> _TASK ITEM_
With every picture left out, give the data below back exactly.

══ MATERIAL PROVIDED ══

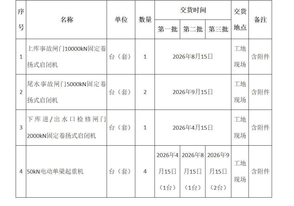 招標項目履約期限:按照烏溪江抽水蓄能電站總體計劃安排,2025年2月主體工程承包人進點,本電站于2028年7月底首臺機組投入商業(yè),至2028年9月底全部機組投入運行。交貨進度見下表:
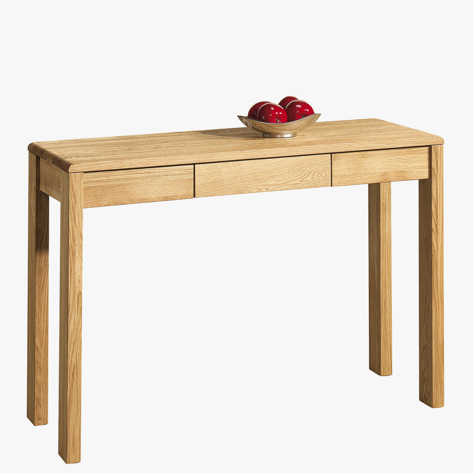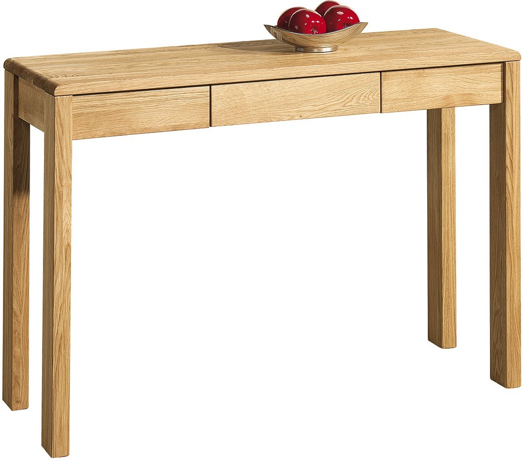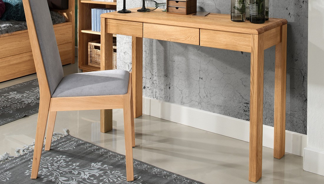 Luxus PC íróasztal, amely tömör vad tölgyből készült, remek segítőtárs lesz csodás formatervezéssel és első osztályú kidolgozással. Az elegáns munkapult ideális méretekkel rendelkezik laptop vagy számítógép elhelyezéséhez. A munkafelület 119 x 45 cm méretben nem fog túl sok helyet elfoglalni a lakásban, sehol sem fog zavarni, ugyanakkor elegendő helyet biztosít a számítógépes munkához. Használható továbbá kis tárolóasztalként a előszobában vagy fésülködőasztalként a hálószobában. Elég, ha kiegészíti egy tükörrel vagy kisebb tükröcskével, és a felesége el lesz ragadtatva!
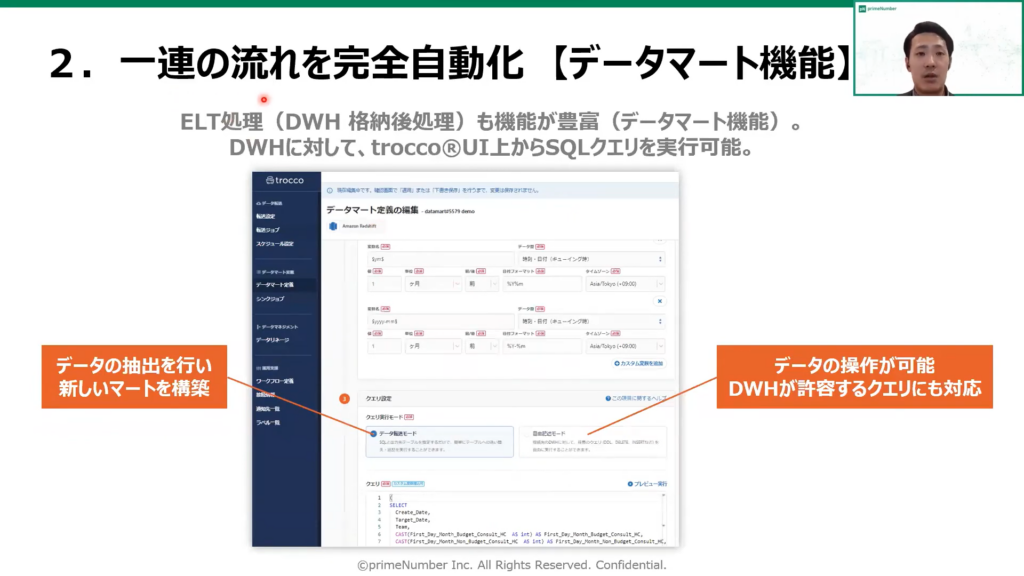 大別して2つモードがあり、1つ目はデータ転送モードという、データの抽出をすることにより新しいデータマートを構築するモードであり、2つ目は自由記述モードという、DDL文のようなデータの操作が可能でして、データウェアハウスで利用ができるクエリの実行が可能です。」

═══

> _SOLUTION FOR THIS EXERCISE_
 招標項目履約期限:按照烏溪江抽水蓄能電站總體計劃安排,2025年2月主體工程承包人進點,本電站于2028年7月底首臺機組投入商業(yè),至2028年9月底全部機組投入運行。交貨進度見下表:
 Luxus PC íróasztal, amely tömör vad tölgyből készült, remek segítőtárs lesz csodás formatervezéssel és első osztályú kidolgozással. Az elegáns munkapult ideális méretekkel rendelkezik laptop vagy számítógép elhelyezéséhez. A munkafelület 119 x 45 cm méretben nem fog túl sok helyet elfoglalni a lakásban, sehol sem fog zavarni, ugyanakkor elegendő helyet biztosít a számítógépes munkához. Használható továbbá kis tárolóasztalként a előszobában vagy fésülködőasztalként a hálószobában. Elég, ha kiegészíti egy tükörrel vagy kisebb tükröcskével, és a felesége el lesz ragadtatva!
 大別して2つモードがあり、1つ目はデータ転送モードという、データの抽出をすることにより新しいデータマートを構築するモードであり、2つ目は自由記述モードという、DDL文のようなデータの操作が可能でして、データウェアハウスで利用ができるクエリの実行が可能です。」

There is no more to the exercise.